Through interviews with British soldiers, whom we hear but never see, Lord of the Rings director Peter Jackson shows us the life of a grunt before, during and after the war. It took Jackson and his team roughly a year to catalogue more than 700 hours of footage (much of which has never been seen) at the Imperial War Museum in London; they then selected their material and whittled the film down to a 99-minute run time. The result is a testament to those who had no idea they were sacrificing so much for the freedom of others.
The opening half-hour is in black-and-white, and it shares the mind-frame of most young men as the war began: brash, eager, ignorant and completely bereft of any sense of despair. They didn’t even have a solid grasp of why Great Britain was fighting in the first place, but one man sums up the jingoism of the day when he says, “We couldn’t possibly lose.”

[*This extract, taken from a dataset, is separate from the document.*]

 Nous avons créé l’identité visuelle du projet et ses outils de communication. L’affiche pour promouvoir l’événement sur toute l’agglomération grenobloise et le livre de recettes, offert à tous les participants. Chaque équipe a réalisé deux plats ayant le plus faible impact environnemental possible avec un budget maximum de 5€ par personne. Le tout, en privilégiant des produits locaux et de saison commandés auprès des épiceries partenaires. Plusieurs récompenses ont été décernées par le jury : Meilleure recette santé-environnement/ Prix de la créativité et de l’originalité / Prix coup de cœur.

Once the men get to the battlefield, the movie turns to color—because, for the soldiers, things got very real very fast. The colorization isn’t perfect—some faces look distorted and/or partially animated—but the jolt of reality serves its purpose, allowing the viewer to emotionally connect. To be sure, there’s plenty you don’t want to see, from dead bodies tangled in barbed wire to gangrenous limbs, ripe for amputation. It all works effectively, though, to bring these men to life once again, and allows for an appreciation that would otherwise not be so palpably felt.
This is far from a Hollywood war movie, the sort of film in which the conflict with the enemy is sometimes secondary to rivalries within one’s own platoon. Here, instead of high drama, we learn minute details such as uncomfortable boots making it hard to march, the general indifference toward horrible food, and how the soldiers battled lice, rats and other animals. It’s a revelation, an insight into an unpleasant life that also included sleeping upright (because the water in the trenches was chest-deep) and the haunting stories of reckless 15- and 16-year-olds, who lied about their age to enlist, only to find themselves in way over their heads.
It’s curious Jackson doesn’t identify the soldiers speaking, but it serves his purpose. He doesn’t want They Shall Not Grow Old to be about an individual soldier; he wants the men we see to represent all the roughly one million British Empire soldiers who died in the war. It may be a bit tedious at times but, overall, Jackson has succeeded wonderfully.